Just to express an opinion from a slightly different angle... I had been qualified as a nurse for about 8 years when I was diagnosed with type 1 diabetes aged 30 years, and had cared for a few people with diabetes during my career, but hadn't done any nursing for over 1 year before diagnosis, and had only been working part time for 5 years before that, in all departments / wards etc, as I was trying to make a career with my newly acquired BSc Marine Biology. Things had moved on between my last experience of caring for anyone with diabetes and my own diagnosis, so I relied on the diabetes specialist nurse - and was sorely disappointed. I'd seen excellent specialist nurses in other fields, eg stoma care, breast care, children with tracheostomies, so, not unreasonably, expected straight answers to at least some of my questions, not, for example, a laugh, when I asked if I'd have to stay in hospital to start on insulin. I hadn't heard of basal bolus insulin regimes, so didn't know any different when I was put on bimodal insulin without any discussion about what would suit me. When I got some information from a pharmacist friend in Tasmania, I asked about changing, and things began to improve.

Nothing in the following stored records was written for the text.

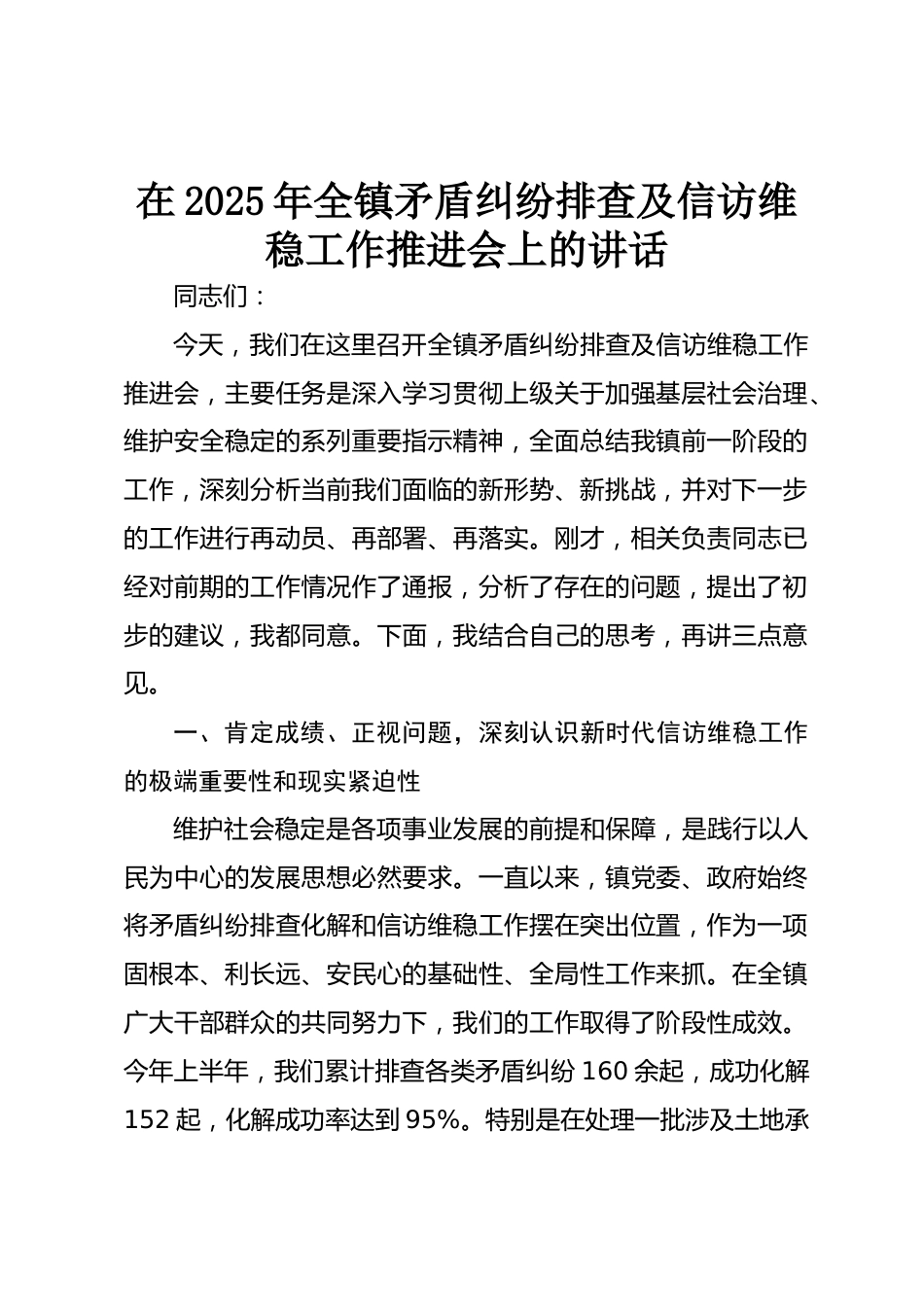 在2025年全鎮(zhèn)矛盾糾紛排查及信訪維穩(wěn)工作推進(jìn)會上的講話
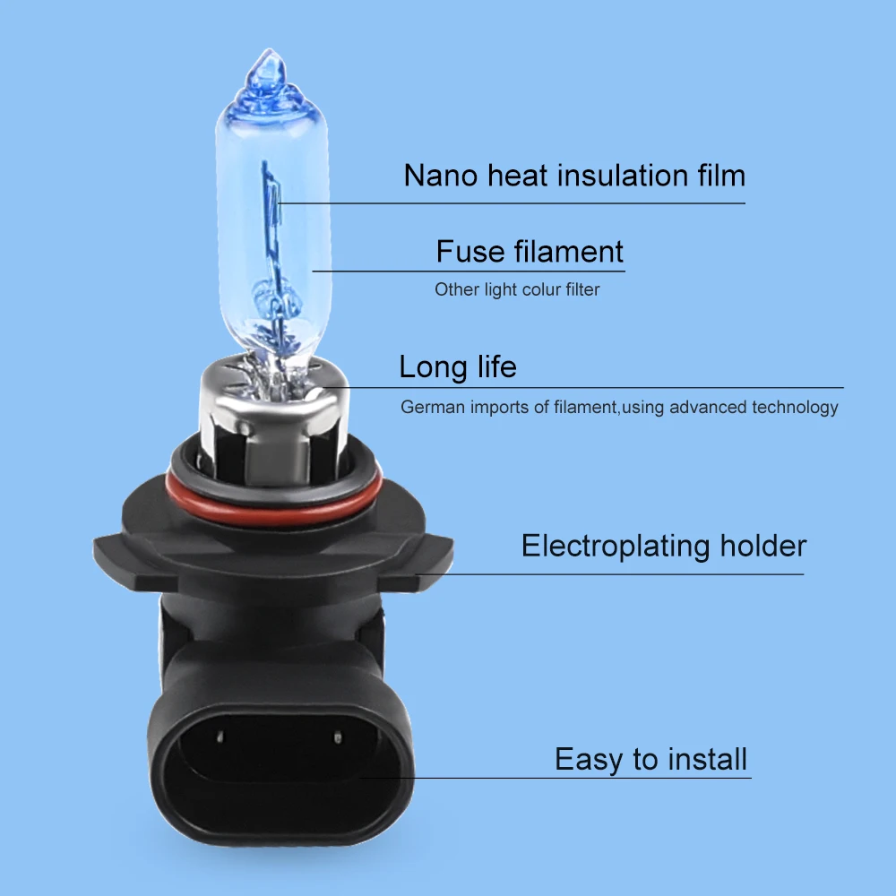 - The bulbs feature quartz glass construction with a stylish blue coating for a super white 6000K light emission, providing intense brightness and a modern look to your vehicle lighting system.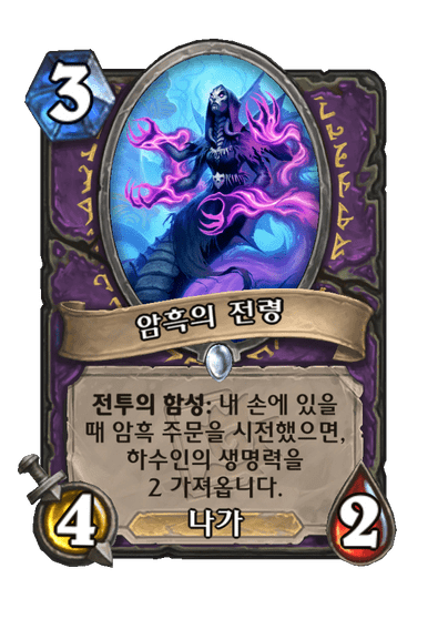 전투의 함성: 내 손에 있을 때 암흑 주문을 시전했으면, 하수인의 생명력을 2 가져옵니다.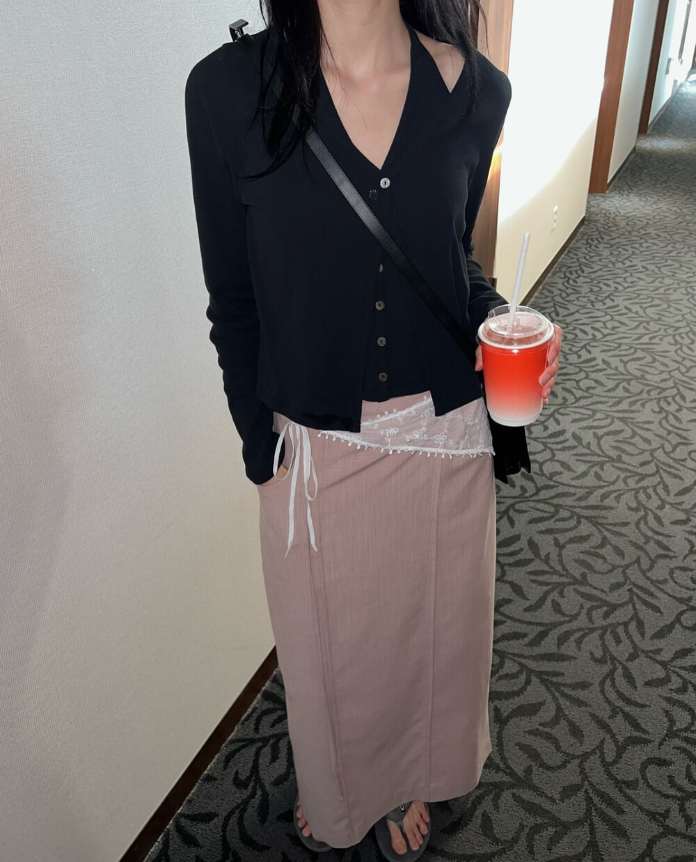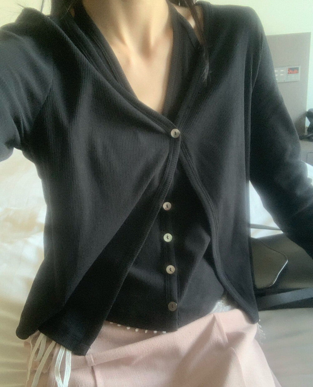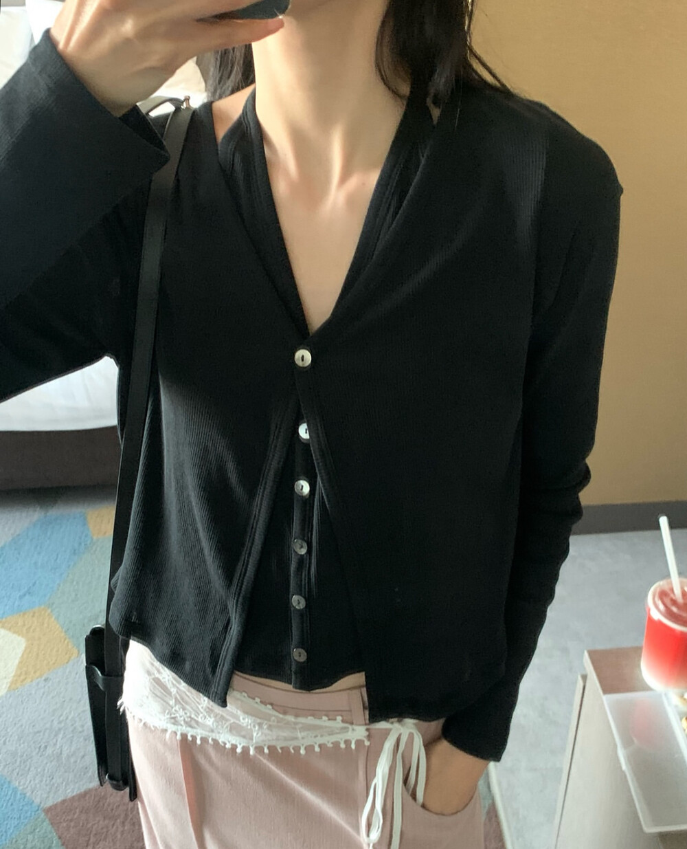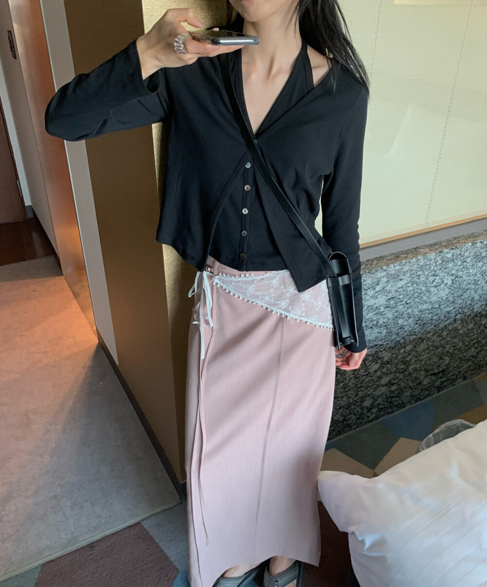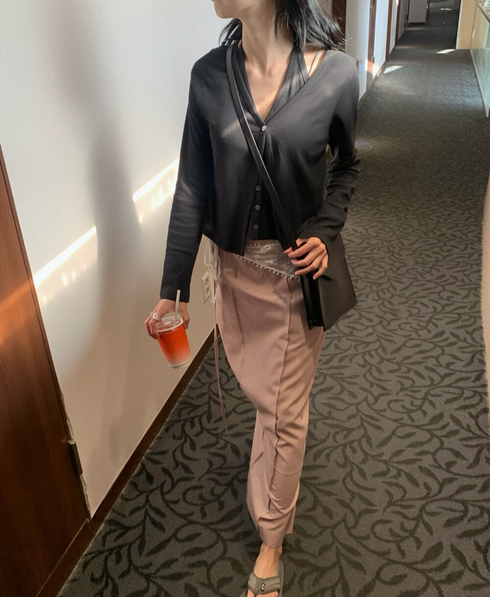 코튼 100의 소재이지만, 착용시 텁텁함이 없는 강연소재로 흐르는 핏이 굉장히 예쁘더라구요 *.* 그래서 덕분에 매우 슬림하게 만들어주기까지 하는 똑똑한 아이템이었어요! 얇은 소재라서 혹여 비침을 걱정하실 수도 있지만, 앞판이 두겹으로 레이어드 되어있어 비침이 거의 없다는 장점까지 갖추었답니다. 홀터탑과 가디건이 일체형으로 만들어져 여름내내 단품으로 착용하기에 좋은 아이템이랍니다! 간혹 급한 아침 출근시간이나 외출시에 이너와 아우터를 챙겨입기엔 조금 더울 것 같고 그렇다고 조금 신경써야할 때 고민없이 빠르게 해결할 수 있는 똑똑한 아이템이에요 ❤︎ 이너인 홀터탑의 단추는 장식용으로 오픈이 불가능하지만, 가디건의 단추는 오픈/클로징이 가능해 원하는대로 자유롭게 연출할 수 있어요!

As this was 1996, there was very little internet / email (basically only academics had email addresses), so I didn't have much opportunity to resarch myself, except by writing to insulin and blood glucose testing companies for information about their products. 
These days, diabetes having made using Marine Biology degree even more difficult than before, I've had to go back into nursing, researching, and hopefully not being one of the very few ignorant / unfeeling nurses - but remember, diabetes is just one of many conditions, from the very common to the very rare, that nurses and medical professionals need to understand.


----------



## am64 (Oct 16, 2009)

Adrienne said:


> She probably wouldn't go though.   She is a nurse after all and of course knows all there is to know about diabetes although we think she is a general nurse on a general adults ward so not only is she not a diabetes specialist she is not even paediatric !!!!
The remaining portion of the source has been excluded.